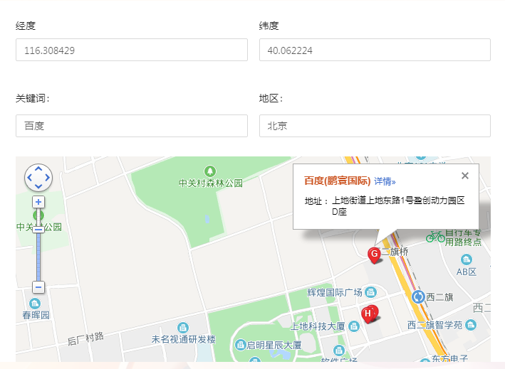 <template><div><a-row:gutter="16"><a-col:span="12"><a-form-itemv-if="map.isAdd" label="关键词"><a-inputv-model="map.keyword"/></a-form-item></a-col><a-col:span="12"><a-form-itemv-if="map.isAdd" label="地区"><a-inputv-model="map.location"/></a-form-item></a-col></a-row><baidu-mapclass="map" :center="map.center" :zoom="map.zoom" @ready="handler"><bm-navigationanchor="BMAP_ANCHOR_TOP_LEFT"></bm-navigation><bm-geolocationanchor="BMAP_ANCHOR_BOTTOM_RIGHT" :showAddressBar="true" :autoLocation="true"></bm-geolocation><bm-local-searchv-if="map.isAdd" class="search" :keyword="map.keyword" :auto-viewport="true" :location="map.location"></bm-local-search></baidu-map></div></template><script>export default {name: "simple-map",props: {map: {type: Object}},data: () => ({}),methods: {handler ({BMap, map}) {let me = this;console.log(BMap, map)// 鼠标缩放map.enableScrollWheelZoom(true);// 点击事件获取经纬度map.addEventListener('click', function (e) {console.log(e.point.lng, e.point.lat)me.$emit('select-location', {lng: e.point.lng,lat: e.point.lat});})}}}</script><stylescoped>.map {width: 100%;height: 400px;}.map .search{margin-bottom: 65px;}</style>
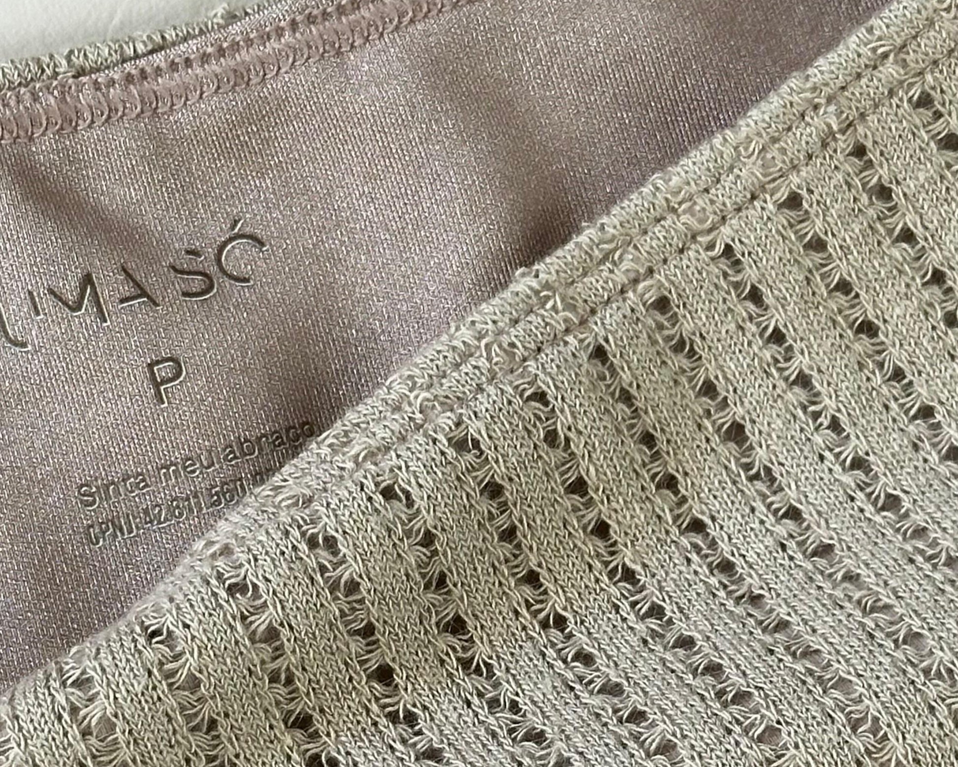 Seu design é especial o brilho discreto no interior contrasta com o toque sofisticado do tecido externo, que lembra um tricô leve e macio criando um efeito único, sensorial e visual.
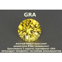 Муассанит круг отдельно диаметром 8 мм (как бриллиант 2 карата). Стандартная бриллиантовая огранка 57 граней. Редкий и модный желтый цвет FANCY YELLOW популярный в элитных урашениях лучших ювелирных домов. Используйте при изготовление нового ювелирного изделия, либо замените старый камень в своем украшение на самую близкую и разумная альтернативу бриллианту, превосходящая последний по многим параметрам. Муассанит имеет более чем в два раза большую способность рассеивать лучи (дисперсия) и на 20% больший коэффициент преломления в сравнение с бриллиантом. Остальные свойства этих камней очень близки, поэтому специалисты и приборы часто не могут отличить их друг от друга. Стандартный тестер определяет муассанит как бриллиант. В отличие от фианита и Сваровски муассанит не тускнеет и не царапается.
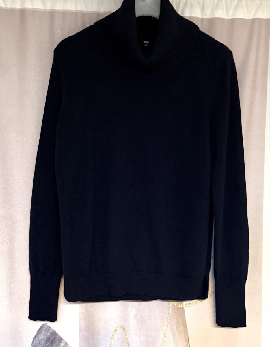 - ユニクロ カシミヤ100% リブ タートルネックニット ネイビー
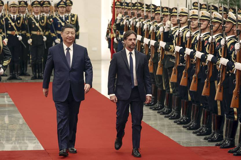 Xi Jinping, presidente chino, y Luis Lacalle Pou, presidente uruguayo, pasan revista a una guardia de honor, en el Gran Palacio del Pueblo en Beijing (22.11.2023).
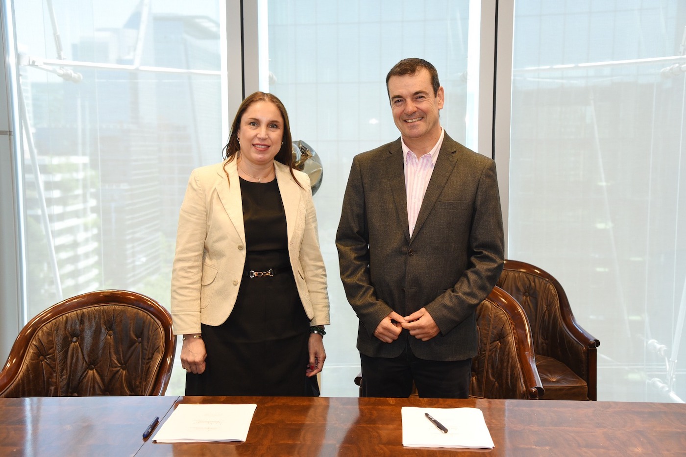 Patricia López, gerenta de Infraestructura del Grupo CAP y Alfredo Solar, gerente regional de Atlas Renewable Energy para Chile y el Cono Sur.
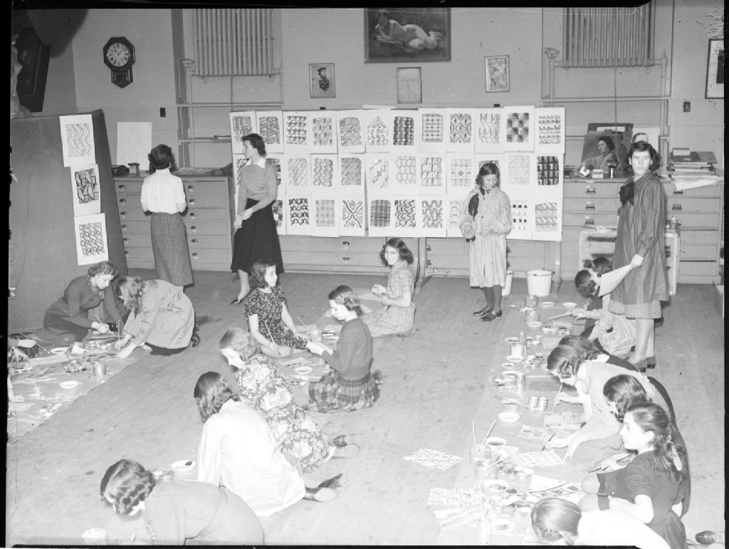 Nous voyons l'intérieur d'une salle de l'«Art Association» de Montréal, 1379, rue Sherbrooke Ouest, avec un groupe de jeunes filles assises au sol et peignant des motifs décoratifs sur des feuilles de papier. Quelques-uns de leurs travaux sont exposés au mur
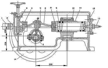①、14-大皮帶輪 ②、5-搖動桿 ③、9-彈簧 ④、7-偏心軸 ⑤、6-肘板   ⑥、鞍形基腳上搖動盒的撐板
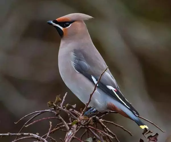 雄性成鸟:额及头顶前部栗色,愈向后色愈淡,头顶后部及羽冠灰栗褐色;上嘴基部、眼先、围眼至眼后形成黑色纹带,并与枕部的宽黑带相连构成一环带(枕部的宽黑带被羽冠掩盖);背、肩羽灰褐色;腰及尾上覆羽褐灰至灰色,愈向后灰色愈浓;翅覆羽灰褐色;初级覆羽黑色具鲜明白端,形成翅斑;初级飞羽黑色,自第2枚以内的外翻端部以及内翻端缘有明显的黄色狭斑;次级飞羽外翻黑色具白端斑,内翈黑褐色;次级飞羽羽轴延伸出羽端2—8mm,形成扁片红色蜡质突起;尾羽黑褐色,近端部渐变为黑色,羽端有5—7mm宽的黄端斑;中央2对尾羽羽轴的端部红色,并向外伸出红色的细针状蜡质突起(在旧羽常因磨损而不显)。颏、喉黑色;颊与黑喉交汇处为淡栗色,其前下缘近白,形成不清晰的颊纹;胸羽与背羽同色,腹以下褐灰;尾下覆羽栗色。

## ASSIGNMENT
Only the lines from the first line of the entries through the line containing "Seu design é" should be output, exactly as they are, without pictures.

## ANSWER SECTION
 <template><div><a-row:gutter="16"><a-col:span="12"><a-form-itemv-if="map.isAdd" label="关键词"><a-inputv-model="map.keyword"/></a-form-item></a-col><a-col:span="12"><a-form-itemv-if="map.isAdd" label="地区"><a-inputv-model="map.location"/></a-form-item></a-col></a-row><baidu-mapclass="map" :center="map.center" :zoom="map.zoom" @ready="handler"><bm-navigationanchor="BMAP_ANCHOR_TOP_LEFT"></bm-navigation><bm-geolocationanchor="BMAP_ANCHOR_BOTTOM_RIGHT" :showAddressBar="true" :autoLocation="true"></bm-geolocation><bm-local-searchv-if="map.isAdd" class="search" :keyword="map.keyword" :auto-viewport="true" :location="map.location"></bm-local-search></baidu-map></div></template><script>export default {name: "simple-map",props: {map: {type: Object}},data: () => ({}),methods: {handler ({BMap, map}) {let me = this;console.log(BMap, map)// 鼠标缩放map.enableScrollWheelZoom(true);// 点击事件获取经纬度map.addEventListener('click', function (e) {console.log(e.point.lng, e.point.lat)me.$emit('select-location', {lng: e.point.lng,lat: e.point.lat});})}}}</script><stylescoped>.map {width: 100%;height: 400px;}.map .search{margin-bottom: 65px;}</style>
 Seu design é especial o brilho discreto no interior contrasta com o toque sofisticado do tecido externo, que lembra um tricô leve e macio criando um efeito único, sensorial e visual.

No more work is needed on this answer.